# sb1 t3 7 8 9 • Name:

MonthBags
Jan13600
Feb12125
Mar18200
Apr13650
May13650
Jun13650
Jul14250
Aug14250
Sep15800
Oct10500
Nov19000
Dec24750

Part I: Chapter 7

The data is the number of bags of doughnuts produced per month by Namiki Bakery in 2010. Pretend that the data is normally distributed.

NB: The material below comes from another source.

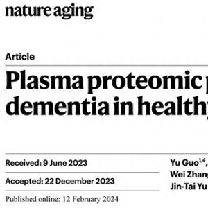 这项研究于当地时间2024年2月12日发表于《自然·衰老》(Nature Aging)杂志上,标题为《血浆蛋白质组学预测健康成年人未来痴呆风险》(Plasma proteomic profiles predict future dementia in healthy adults)。作者是来自复旦大学附属华山医院神经内科的郁金泰教授团队,以及复旦大学类脑智能科学与技术研究院冯建峰教授/程炜研究员团队。该研究被《自然》杂志社选为研究亮点(Highlight)。

1. n _________ Determine the sample size n for the data.
2. x = _________ Determine the sample mean x for the data.
3. sx = _________ Determine the sample standard deviation sx for the data.
4. z = _________ Calculate the z-score for the number of bags of doughnuts produced in December.
5. ______________ Is the December production run usual or unusual?
6. p(bags ≤ 8815) = _________ Use the normal distribution function NORMDIST to calculate the population percent of months that produce 8815 or fewer bags of doughnuts.
7. p(bags ≥ 19271) = _________ Use the normal distribution function NORMDIST to calculate the population percent of months that produce 19271 or more bags of doughnuts.
8. p(8815 ≤ bags ≤ 19271) = _________ Use the normal distribution function NORMDIST to calculate the population percent of months that produce between 8815 and 19271 bags of doughnuts.
9. p(bags ≤ __________) = 0.20 Use the normal distribution inverse function NORMINV to calculate the number of bags BELOW which are found the 20% lowest production of doughnut bags.

Part II: Chapter 8
Use the sample size and standard deviation from part I. Presume that the data is normally distributed.
10. SE = _________ Calculate the standard error for the doughnut bags data.

Part III: Chapter 9
Use the data and results above in this section.
11. df = _________ Calculate the number of degrees of freedom..
12. tc = _________ Calculate tcritical using a 95% level of confidence.
13. E = _________ Calculate the margin of error for the mean E.
14. p(__________ ≤ μ ≤ __________) = 0.95 Calculate the 95% confidence interval for the mean.